Demand Forecasting

Solution background and business value

Demand forecasting is crucial for sales, retail, manufacturing, and supply chain industries. Accurate predictions of future demand helps reduce costs by enabling efficient planning for storage and transportation, preventing waste from overproduction, and strategically timing promotions and campaigns. For example, a culinary delivery service can benefit from demand forecasting by accurately predicting the need for raw food ingredients based on recipe demand. This ensures they order enough materials to meet demand while minimizing waste.

The success criteria focuses on the accuracy of prediction and usually measured by MAE or SMAPE on the desired aggregation resolution. To take food delivery industry as an example: 1) the number of orders for each group recipes for the 6th week out in the future; 2) the number of total demand of each ingredient for the next 28 days.

SMAPE is good for evaluating the model performance tracking and model selection but not very easy to directly interpret as business impact. Whereas the MAE corresponds to business related $-amount savings directly based on the empirical knowledge, and some use cases have different weights for overshooting v.s. undershooting which might consider a customized MAE to measure them separately.

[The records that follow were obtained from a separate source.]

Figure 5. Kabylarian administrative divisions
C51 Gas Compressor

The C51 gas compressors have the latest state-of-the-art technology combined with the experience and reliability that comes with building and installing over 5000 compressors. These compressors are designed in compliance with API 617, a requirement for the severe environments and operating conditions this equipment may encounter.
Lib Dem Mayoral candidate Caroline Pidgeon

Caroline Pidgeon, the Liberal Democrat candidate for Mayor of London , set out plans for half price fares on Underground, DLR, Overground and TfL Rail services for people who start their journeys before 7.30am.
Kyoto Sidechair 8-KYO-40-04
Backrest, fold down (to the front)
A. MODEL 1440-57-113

In this solution, you will learn how to use Kumo to:

Train a forecasting model, custom-tailored to your data schema and business space
Use the Kumo REST API to export forecasts to your data warehouse for further analytics and applications

Kumo’s Predictive Query Language is highly flexible, and enables teams to quickly experiment with many different forecasting settings and definitions, to learn which type of forecast yields the best business value gain. Here are just some examples listed in this solution:

Forecast demand as the count of sales for each item
Forecasting demand as the sum of item quantity
Forecast demand on a secondary granularity (e.g. on order category vs. individual item order)
Forecast in a specific future time-range

Data requirements and Kumo graph

Core tables

Regardless of approach taken, two core tables will be needed to tackle this use case. Below is an non-exhaustive list of what data needs to be included:

Sales/Orders Table: This table should include a timestamp and entity_id to link each sale or order to specific entities.
Entity Table: This table holds static information about the entities of interest, and should include a unique entity_id for each entity.

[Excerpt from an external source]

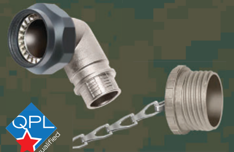
M85049 composite backshells and covers for MIL-DTL-38999

Additional table suggestions

Additionally, the following optional tables can enhance the accuracy and performance of demand forecasting:

Events, Holidays, and Other Temporal Tables (Optional): External signals such as seasonality, weather, and events can significantly impact demand. Including these signals, with associated timestamps, descriptions, and numeric representations, can improve forecasting accuracy.
Groups (Optional): Beyond the primary entities table linked to the sales/orders table, secondary items tables can provide different levels of prediction resolution. For instance, in a culinary delivery service, the primary entities table might contain individual recipes, while a secondary table could categorize these recipes. This coarser granularity allows for grouping and overlapping recipes within categories, offering a broader perspective on demand patterns.
Buyer-side entity tables (Optional): Buyer-side entity tables should contain some static features and user_id which can be connected to sales/orders table. This group of tables can help with cold-start for both new buyers and new items because new buyers can leverage the buyer-side feature patterns GNN learned from past orders and new items can also have reasonable predictions based on what buyers are interested from their past orders.

Predictive query

Demand forecasting predicts the count of orders or sum of quantities over a period of time defined by (START_DAYS, END_DAYS] for an item or a group of item. A typical minimal Predictive Query looks like the following

// Assuming no quantities column and each order corresponds to 1 order.
PREDICT COUNT(Sales.*, START_DAYS, END_DAYS)
FOR EACH Items.item_id

// Assuming demand is defined as sum of quantities.
PREDICT SUM(Sales.quantity, START_DAYS, END_DAYS)
FOR EACH Items.item_id

// Assuming we want to predict on a different granularity defined by "Secondary"
PREDICT SUM(Sales.quantity, START_DAYS, END_DAYS)
FOR EACH Groups.group_id

// An example of predicting 6th week in the future
PREDICT SUM(Sales.quantity, 35, 42)
FOR EACH Groups.group_id

A common challenge we face in regression problems is that, some times the training table is overwhelmed with a lot of zeros which might hurt the performance. We could adopt an assuming statement to mitigate the problems.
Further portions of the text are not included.